▶ DATA FOR PROCESSING
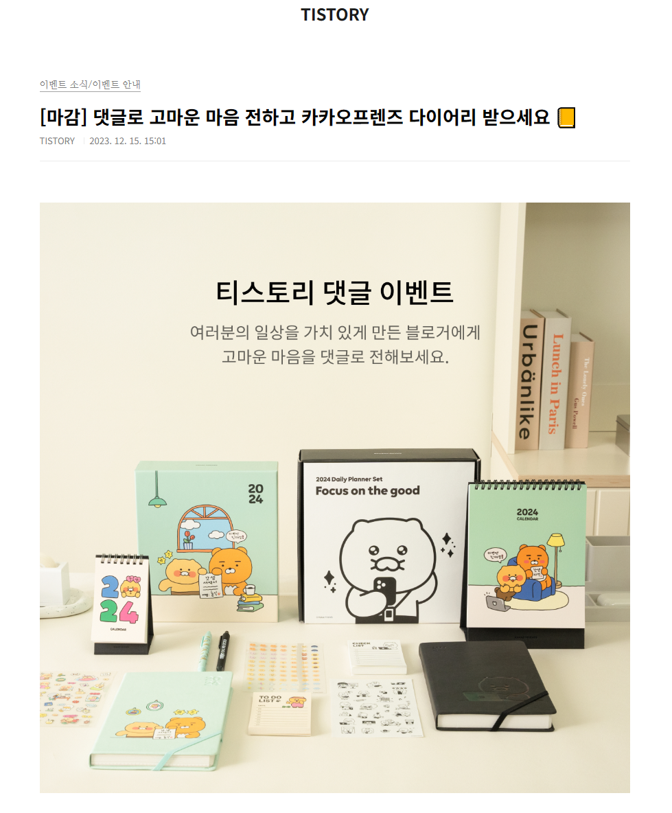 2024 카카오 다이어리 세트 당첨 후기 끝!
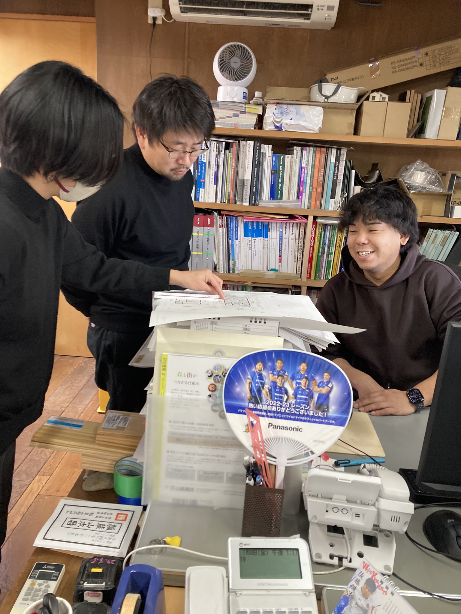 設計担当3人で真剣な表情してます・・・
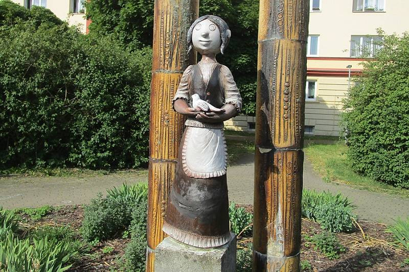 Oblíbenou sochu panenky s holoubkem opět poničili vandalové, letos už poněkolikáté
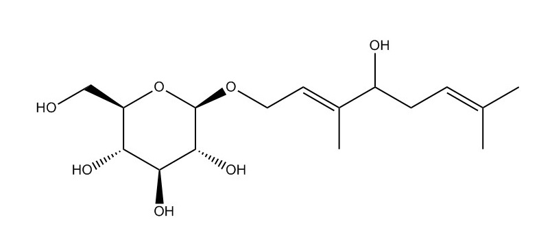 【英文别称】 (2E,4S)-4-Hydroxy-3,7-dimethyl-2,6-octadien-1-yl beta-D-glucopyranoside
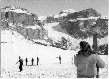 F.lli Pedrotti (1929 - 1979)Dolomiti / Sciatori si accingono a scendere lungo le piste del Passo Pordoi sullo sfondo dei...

▶ TASK PROMPT
Find the line that contains "Oblíbenou sochu panenky" and repeat it, along with every line after it to the end of the data, exactly; drop the pictures.

▶ PROBLEM SOLUTION
 Oblíbenou sochu panenky s holoubkem opět poničili vandalové, letos už poněkolikáté
 【英文别称】 (2E,4S)-4-Hydroxy-3,7-dimethyl-2,6-octadien-1-yl beta-D-glucopyranoside
 F.lli Pedrotti (1929 - 1979)Dolomiti / Sciatori si accingono a scendere lungo le piste del Passo Pordoi sullo sfondo dei...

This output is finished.